Imaging of micrognathia is required primarily to assist surgical planning prior to mandibular reconstruction. Axial helical CT images using a low-dose algorithm are used to create multiplanar reconstructed images and a 3D model of the mandible and face.

The two most common predisposing factors for acute bacterial sinusitis are viral upper respiratory tract infection (URI) and allergy.¹³⁷ If symptoms are persistent (longer than 10 days), severe (high fever and purulent nasal discharge), or worsening after initial improvement, acute bacterial sinusitis is suggested. Symptoms beyond 30 days suggest subacute or chronic sinusitis.¹³⁷ The most common pathogens are Streptococcus pneumoniae, Haemophilus influenzae, and Moraxella catarrhalis.¹³⁸,¹³⁹ Staphylococcus aureus and anaerobic organisms are seen more frequently in children with severe sinus symptoms or with chronic sinusitis (present for over a year).

The ethmoid air cells are separated by thin bony septations; each air cell drains through an independent ostium into the middle meatus.¹⁴⁰ These narrow ostia are readily obstructed by inflamed mucosa. When developed, the frontal sinuses are frequently the conduit for spread of infection to the orbit or brain, the latter related to a rich emissary venous plexus between the posterior frontal sinus mucosa and the meninges. Like the frontal sinus, an infected sphenoid sinus is more prone to the development of intracranial complications.

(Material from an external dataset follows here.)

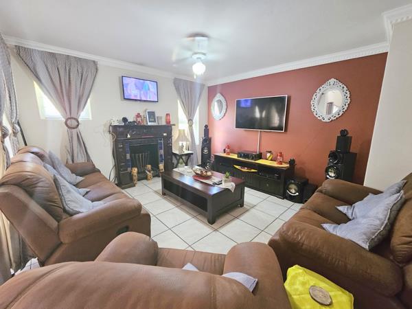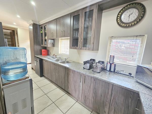 The double garage is generously sized to fit a double cab bakkie with ease. It has been stylishly finished with tiles, cornices, and a ceiling, previously used as an office space.

Pediatric sinusitis occasionally arises as a result of odontogenic infection.¹⁴¹ A key CT finding is a periapical lucency due to a periapical abscess or granuloma that is dehiscent into the floor of the maxillary antrum (Fig. 3.22B). Perforation after dental trauma or a dental procedure may lead to a tract that then epithelializes to form an oroantral fistula (Fig. 3.57). Congenital bone defects and dental cysts may also act as conduits for spread of infection to the maxillary sinus.

Sinus inflammation and congestion causes increased secretions and accumulation of submucosal fluid with venous congestion.¹⁴² On CT, inflamed sinus mucosa appears as peripheral soft tissue thickening. On MRI, mucosal secretions and submucosal fluid appear hyperintense on T2-weighted sequences and hypointense on T1-weighted sequences. There is a characteristic pattern of a thin rim of enhancement of the inflamed mucosa and nonenhancement of the underlying submucosal fluid (Fig. 3.58). These are findings of sinus inflammation or congestion and not necessarily sinus infection. Sinus CT and MRI often show mucosal thickening in children who do not have signs or symptoms of sinusitis or an URI.¹⁴³ Therefore, mucosal thickening and edema seen on imaging should not be reported as “sinusitis” without supportive clinical history. Layering fluid in a sinus (air-fluid level) is more suggestive of an acute infectious sinus process (Fig. 3.58).